In Hessens Schulen ist der Krieg in der Ukraine ein großes Thema. Im Russischunterricht noch mehr. © dpa

Stefan Höhbusch unterrichtet Russisch und Religion in Marburg. Im Interview spricht er über Schulpartnerschaften mit Moskau, Konflikte in Familien und die Hoffnung auf Frieden in der Ukraine.

Stefan Höhbusch ist Russischlehrer. Zusammen mit Kollegen und Kolleginnen hat er einen offenen Brief geschrieben. Er wirbt darin um Rücksicht und Verständnis für Kinder und Jugendliche mit russischen Wurzeln. Und hofft, dass nicht alle Brücken nach Russland fallen.

Herr Höhbusch, wie sieht es zurzeit in Ihrer Russischklasse aus?

Sehr stark in den Vordergrund gerückt ist da der Krieg in der Ukraine und die Situation der Schülerinnen und Schüler.

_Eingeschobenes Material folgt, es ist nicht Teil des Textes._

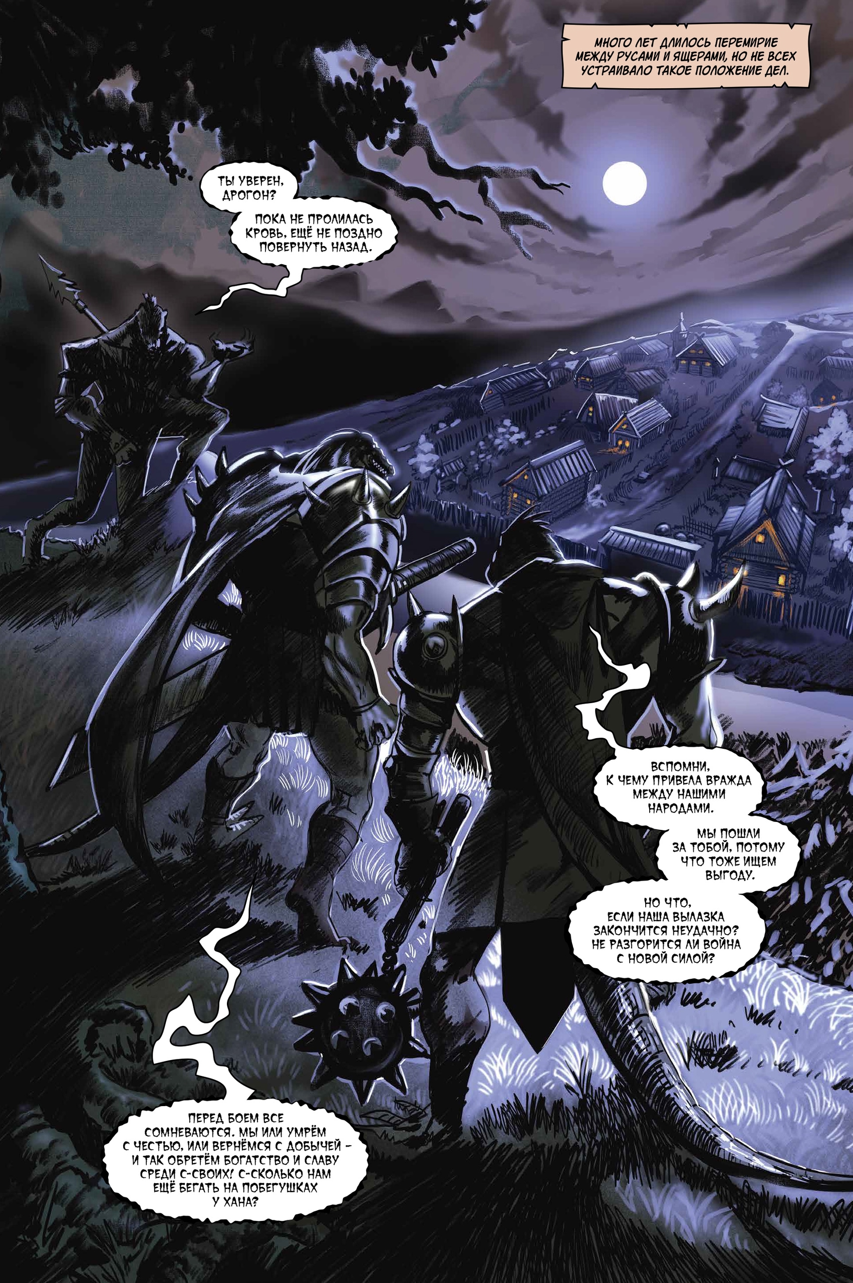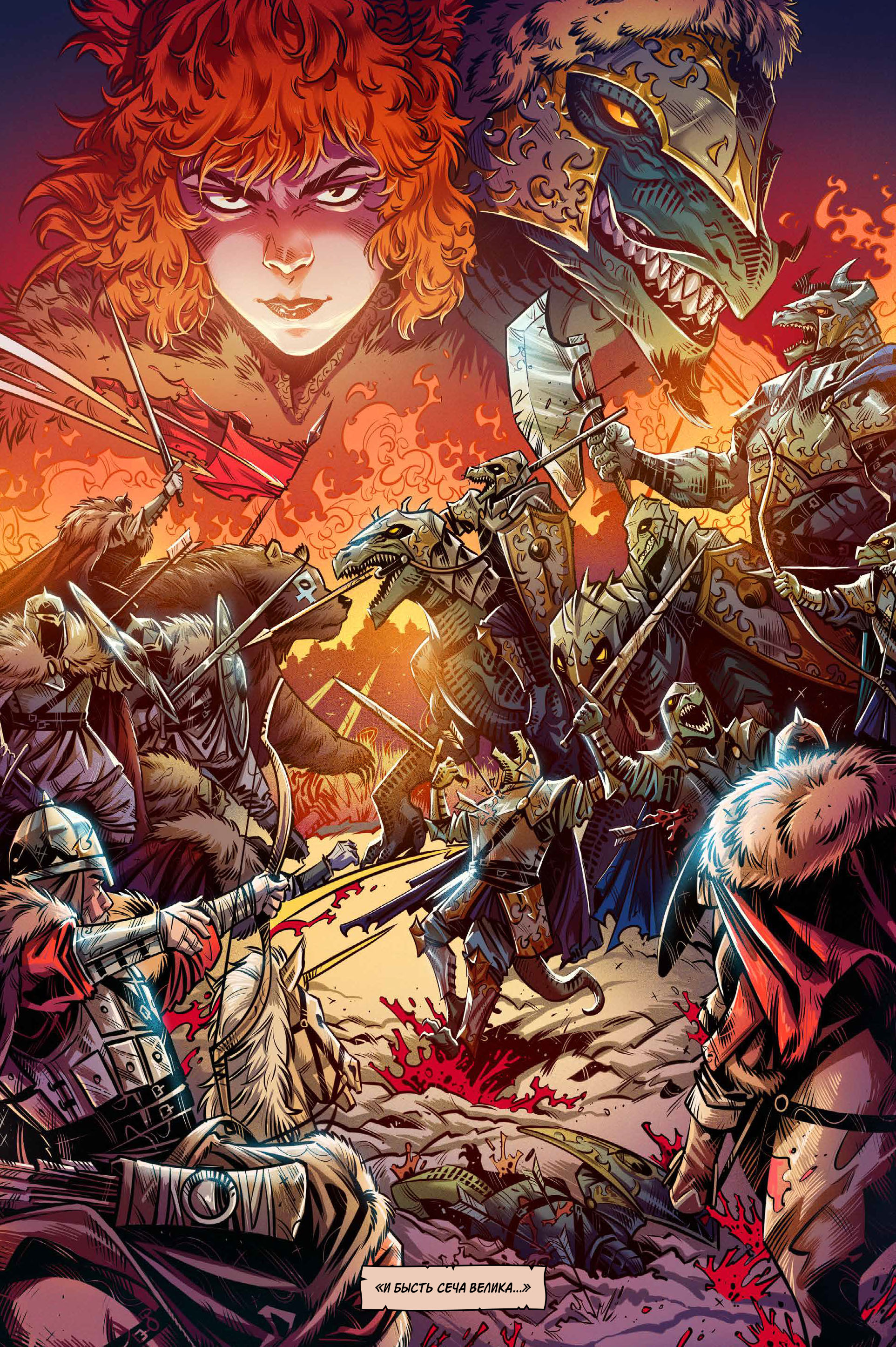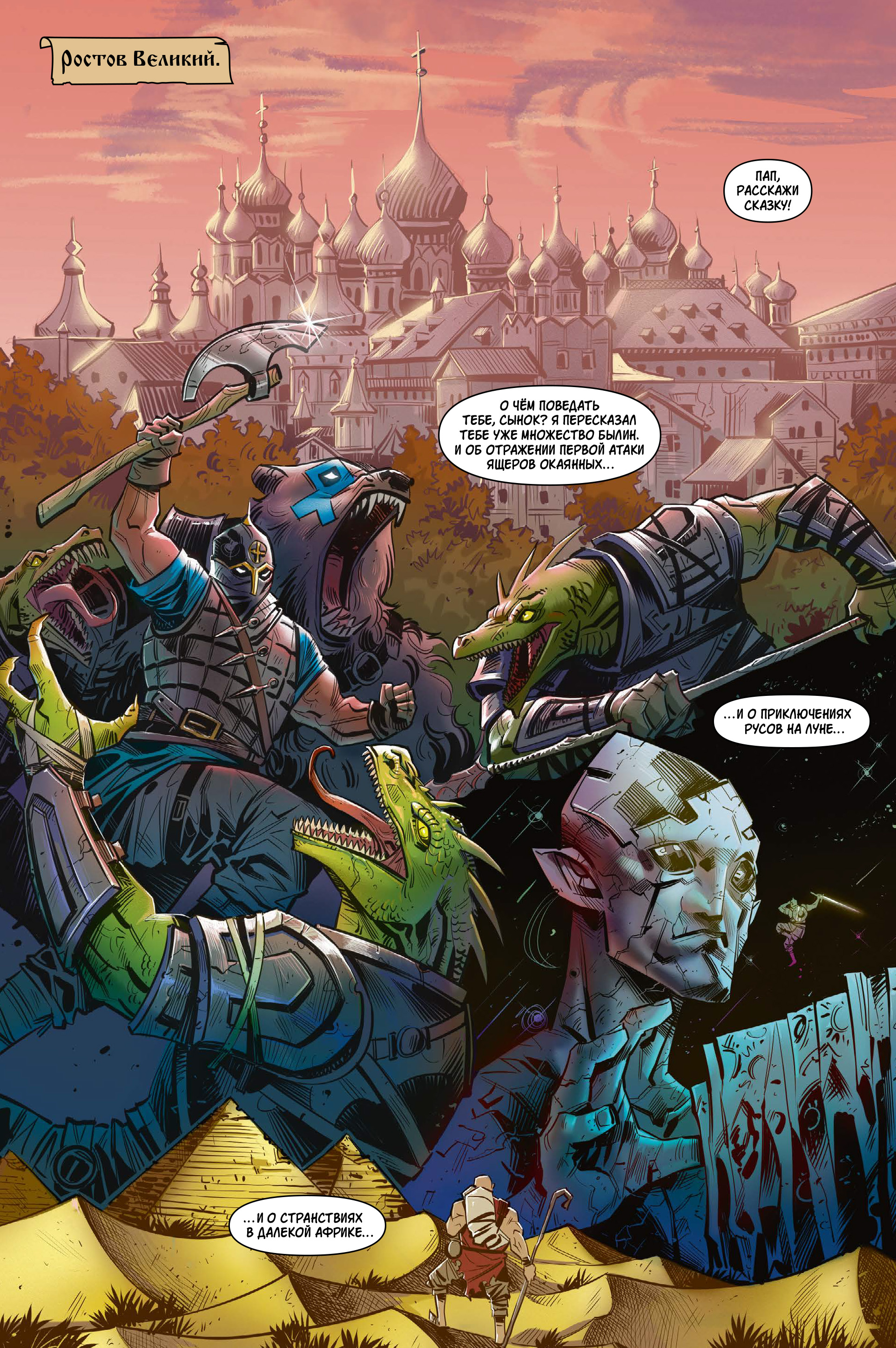 Первые три выпуска рассказывали о похождениях Дрочеслава, Всеслава и Радислава и были скорее юмористическими сборниками эпизодов с условной сквозной линией, но вот дальше... Полноценная сюжетная арка из трёх выпусков, повествующая о кровопролитной войне между русами, во главе с храброй Ольгой, и ящерами, под покровительством хитрого Курт-Хана. Масштабные битвы, запоминающиеся герои, неожиданные повороты — всё это уже ждёт вас внутри!

Wie setzt sich die Klasse zusammen?

Wir haben an der Schule insgesamt rund 100 Russischlernende. Davon kommen zwei Drittel aus einer Familie, die aus der Ukraine, Russland oder Kasachstan stammt. Viele sind sehr direkt betroffen, haben noch Familienangehörige in ihren jeweiligen Herkunftsländern. Bei einigen sind Verwandte untergekommen, die aus der Ukraine geflüchtet sind. Ihnen ist also sehr nahe, was Krieg bedeutet. Viele erleben die Spannungen, die wir jetzt in der Weltpolitik haben, ganz direkt in ihren Familien.

Wie äußert sich das?

Eine Schülerin berichtete, dass ihre Mutter jetzt keinen Kontakt mehr mit ihren Eltern in Russland hat. Oma und Opa, so erzählte das Mädchen, haben der Mutter gesagt, sie sei nicht mehr ihre Tochter, sie sei eine Verräterin, und sie wollten mit ihr nichts mehr zu tun haben, weil sie auf die Propaganda des Westens hereingefallen sei. Einige der Jugendlichen leben in zwei Informationswelten. Da wird zu Hause russisches Propagandafernsehen geschaut, wo eine ganz andere Sicht auf diesen Krieg gezeigt wird als in den deutschen Medien.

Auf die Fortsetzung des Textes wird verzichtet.